On one level, Silk was a British version of L.A. Law (1986-1994), the network television drama that made the practice of law glamorous. Both series feature lots of sex and office intrigue, while debating significant social issues through the frame of courtroom battles. I thought Silk was hugely successful as a courtroom drama—interesting cases argued effectively in court by a compelling cast of characters.

On another level, Silk was a lesson in the differences between the American and the British roles of trial counsel. This is the aspect that impressed me the most about Silk, and here are some of the differences I noted:

1.  Conflicts of Interest

The British series portrayed it ordinary for the prosecutor and criminal defense attorney opposing each other in a case to practice in the same chambers. That would be like two opposing counsel in an American lawsuit both being partners in the same law firm—something that is forbidden by our rules of legal ethics.

There are apparently some differences between the two legal systems to justify what would be serious conflicts of interest in the U.S. British barristers view themselves as self-employed, each barrister responsible for his or her own cases and each compensated for the cases they handle, rather than as partners jointly sharing fees. Even where the chambers decided to build a “Chinese wall” between the prosecuting barrister and the defense barrister—which American firms do on occasion also—the wall was easily breached.

2.  Non-Lawyer Managers

In Britain, the non-attorney clerks are responsible for rainmaking with the solicitors to obtain cases, for scheduling the barristers within their chambers, and for collecting fees for the barristers. A large part of the plot involved intrigue between two factions of barristers, one of which was upset about the senior clerk’s management of the chambers.

Certainly, law firm partnerships in the U.S. have similar disputes, but few partnerships turn over so much of the firm management to non-lawyers. In fact, there are ethical limits in the U.S. about fee-sharing with non-attorneys.

3.  Case Preparation

It shocked me that a barrister would go into court barely having read the case file, and sometimes without having met the accused defendant he or she was representing. The solicitor who had worked up the case might be sitting right behind the barrister in court, but that doesn’t put the facts of the case in the barrister’s head when examining a witness.

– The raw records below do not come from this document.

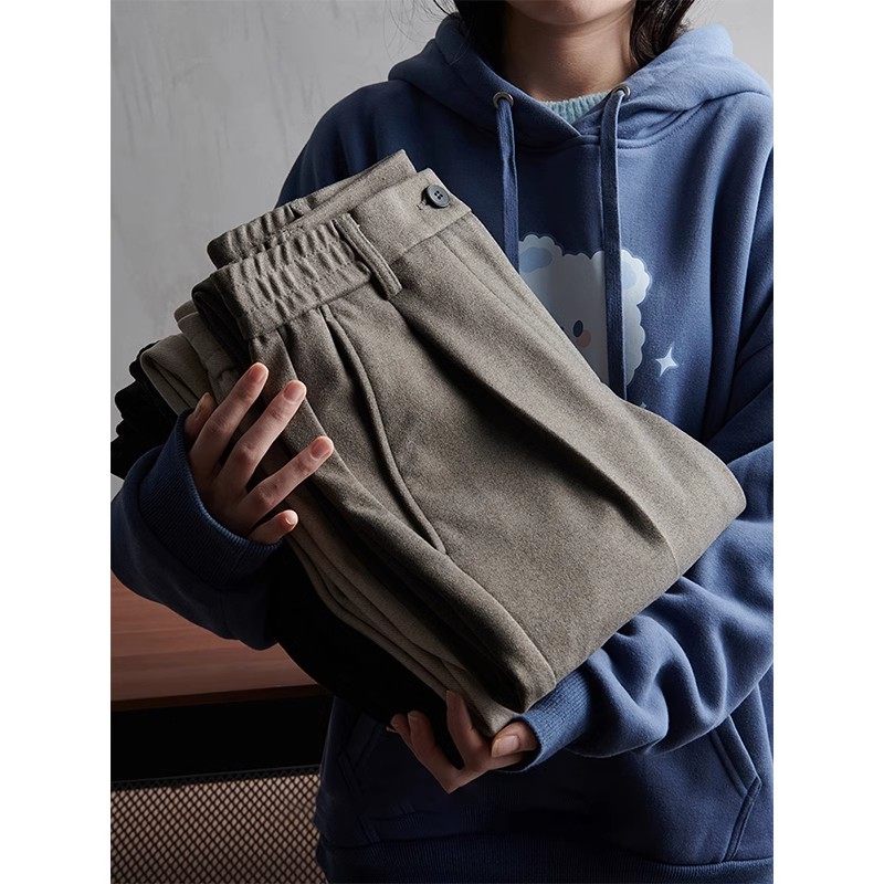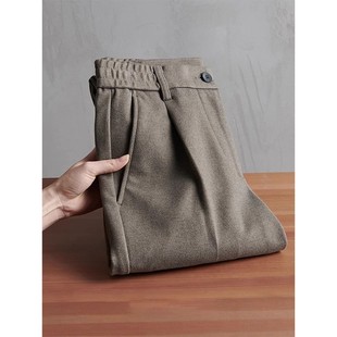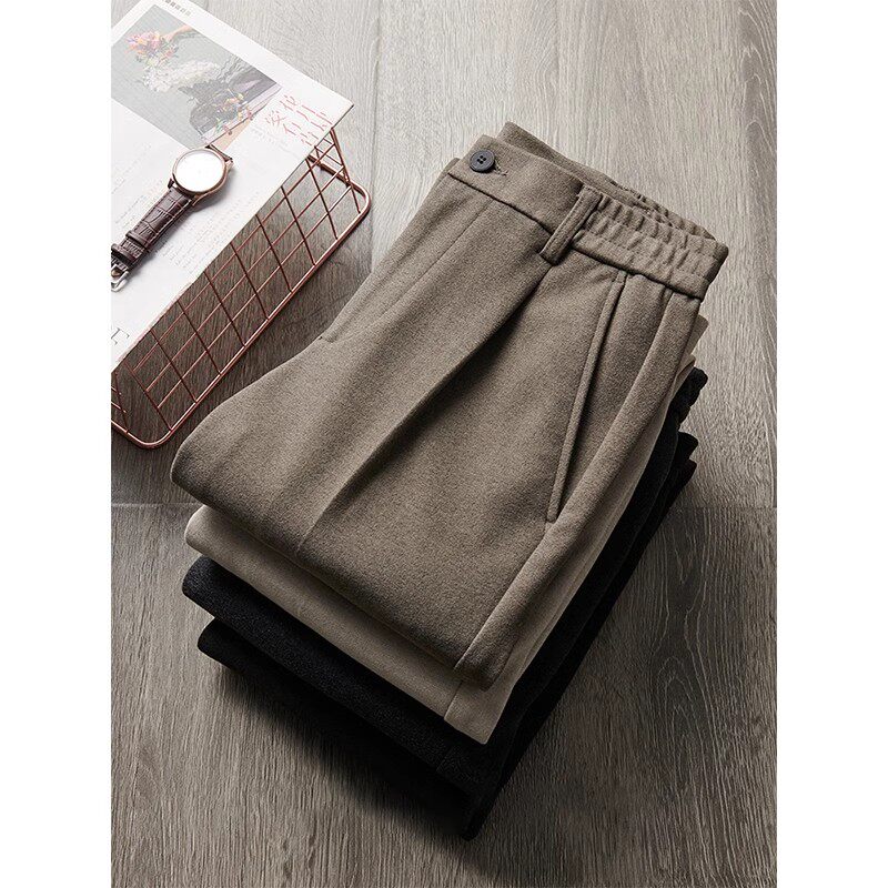 修身 秋冬款 直筒九分西裤 高级感长裤 毛呢裤 松紧加厚保暖西裤 子男士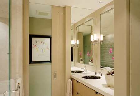 在你需要的时候拉开玻璃门,立刻给你一个更大的空间感。卫浴间与餐区之间畅通无阻,更显空间自由个性! 略带隐形门设计的移门处理,又给予空间更多可能性,带来奇妙的家居体验。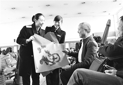日前,家在鄭州的李先生和女兒在湖南長沙火車站候車室接到了工作人員送上的“福”字,同時(shí)他還接到了一張“火車站能為您做些什么?”的調(diào)查問卷。“要是火車站能提供免費(fèi)無線網(wǎng)絡(luò)就更好了”,李先生一邊說著感謝的話,一邊在調(diào)查表上寫下了自己的意見。據(jù)悉,車站還將匯總調(diào)查問卷搜集到的問題,采取相應(yīng)措施予以解決。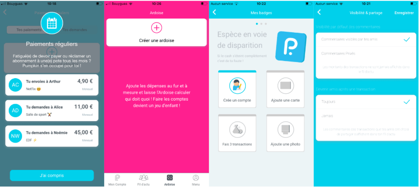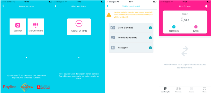 Le principe est simple : lors du téléchargement de l’application, l’utilisateur entre son IBAN pour transférer de l’argent de son compte bancaire vers le portemonnaie Pumpkin, afin de pouvoir transférer de l’argent à ses proches. L’utilisateur peut également associer sa carte bancaire à la plateforme afin que lors des remboursement, l’argent soit directement débité depuis son compte bancaire. Lorsque de l’argent est versé à l’utilisateur, il est gardé sur l’application afin de pouvoir être réutilisé mais il peut aussi être transféré vers le compte en banque de l’utilisateur.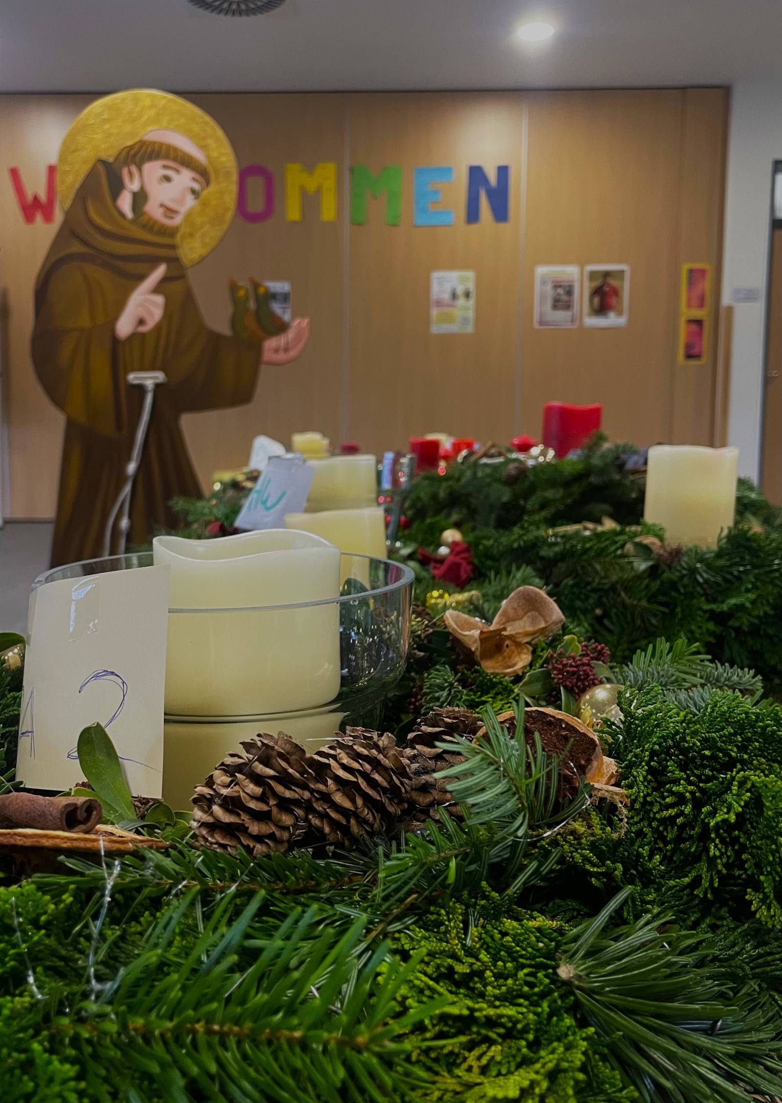 Im Gottesdienst zur Adventskranzsegnung sprach Frau Lis davon, wie sich das Jahresmotto der Schule „Frieden denken – Frieden schenken“ mit dem Heiligen Franziskus verbinden lässt. Sein und das Motto seiner Nachfolgerinnen und Nachfolger „Pax et Bonum“ („Frieden und Gutes“) kann auch für uns alle an der Schule und insbesondere in der Adventszeit gelten.

The dramatic impact of the courtroom scenes was enhanced because the viewers didn’t know how the barrister was going to succeed. But as an attorney trained in the American system of lengthy depositions and document discovery, I was appalled that the barristers were hampered by what I perceived as lack of knowledge of their cases.

4.  Sexism

The film depicted subtle sexism toward the senior female barrister, Martha Costello, who was pregnant during Season 1. The male clerks and barristers were protective of her in ways that I found offensive—worrying about which cases to assign her and making excuses for an emotional speech she gave in one hearing. I would not have wanted to have been treated that way when I was practicing law.

However, I’m not sure this is a British thing. I mentioned my reaction to my husband, who said, “Yeah, that’s what we do. We protect the species,” as if it were perfectly normal to treat a pregnant colleague differently.

This post probably seems quite naïve to my British colleagues. If I have misstated anything about the British court system, I hope someone will correct me.

In the meantime, I look forward to seeing Season 2 of Silk.  If you didn’t catch Season 1 on PBS, you can still watch it here  until October 8, 2013.

Did anyone else have questions about the British legal system after watching Silk?